(Data items)
:::
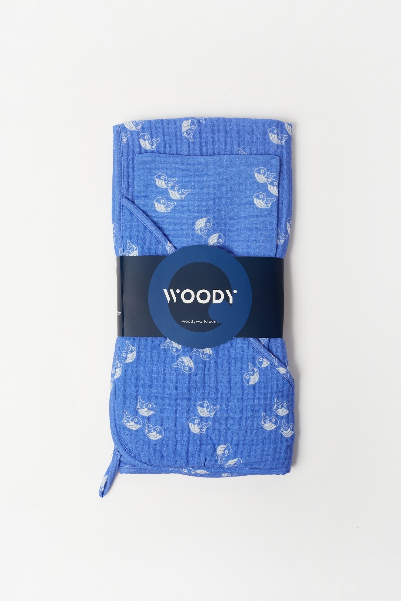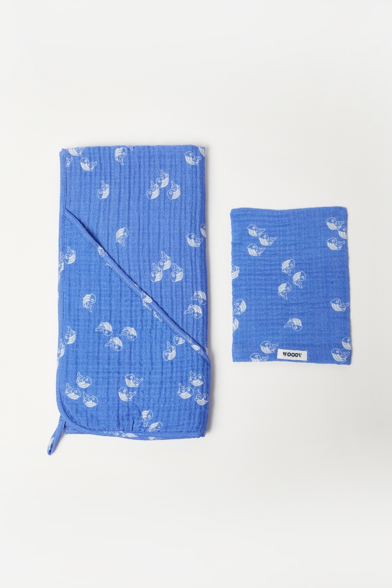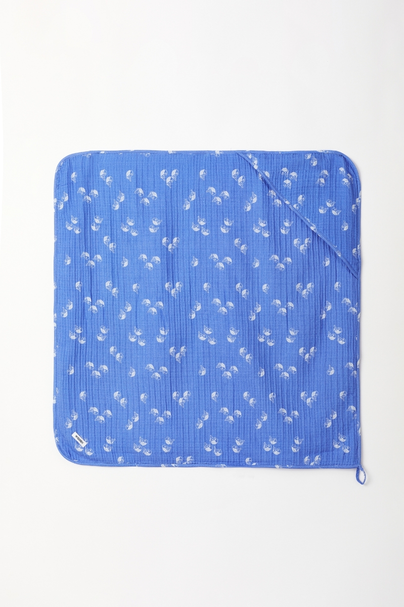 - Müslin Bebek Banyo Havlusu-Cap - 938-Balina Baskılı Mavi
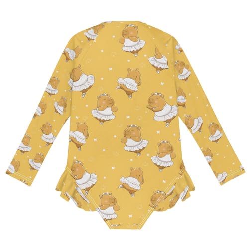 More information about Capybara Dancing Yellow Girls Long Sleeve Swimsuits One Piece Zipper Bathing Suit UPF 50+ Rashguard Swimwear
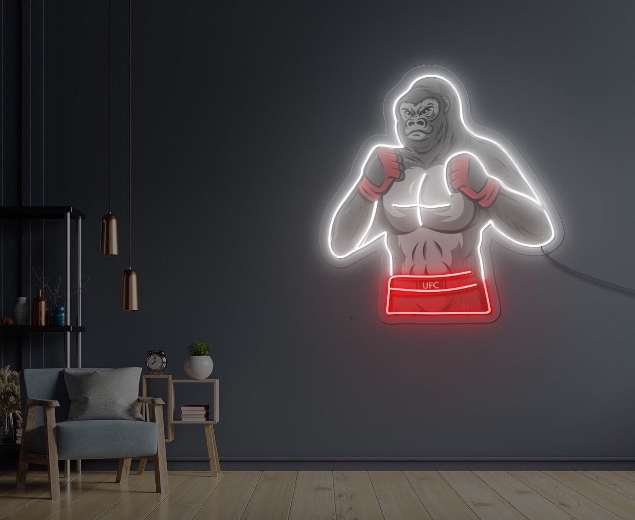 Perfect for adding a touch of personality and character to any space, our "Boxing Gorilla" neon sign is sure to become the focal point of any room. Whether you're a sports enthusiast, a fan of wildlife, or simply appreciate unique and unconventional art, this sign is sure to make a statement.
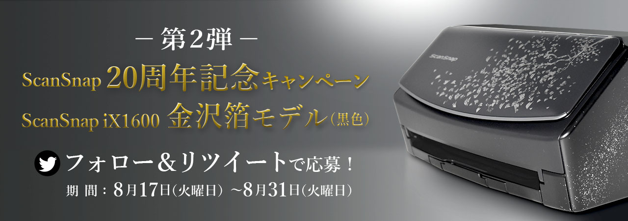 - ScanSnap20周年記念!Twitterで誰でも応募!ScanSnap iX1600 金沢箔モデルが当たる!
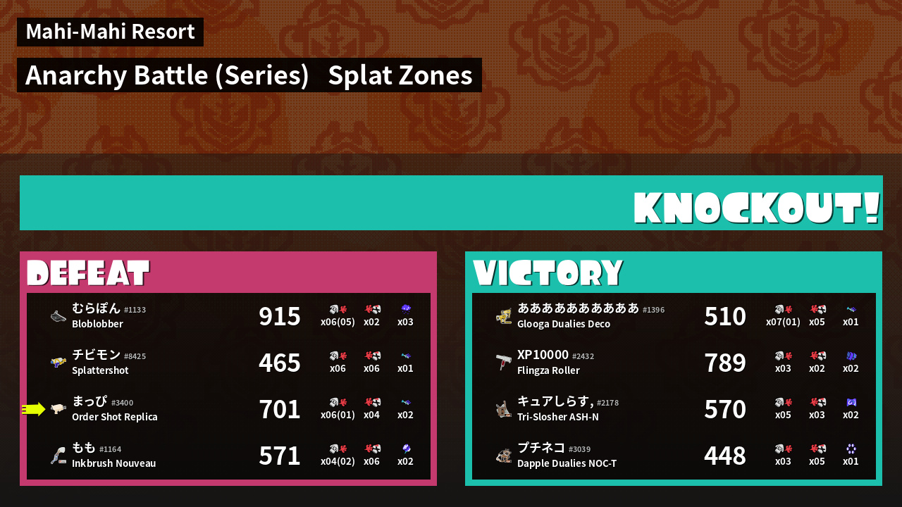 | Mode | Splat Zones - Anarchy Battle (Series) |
:::
• Task details
Return exactly the lines that appear in the data above between the line containing "Perfect for adding" and the line containing "- ScanSnap20周年記念!Twitterで誰でも応募!ScanSnap iX1600", both of which are included, and leave the pictures out.

• Solution to the problem
 Perfect for adding a touch of personality and character to any space, our "Boxing Gorilla" neon sign is sure to become the focal point of any room. Whether you're a sports enthusiast, a fan of wildlife, or simply appreciate unique and unconventional art, this sign is sure to make a statement.
 - ScanSnap20周年記念!Twitterで誰でも応募!ScanSnap iX1600 金沢箔モデルが当たる!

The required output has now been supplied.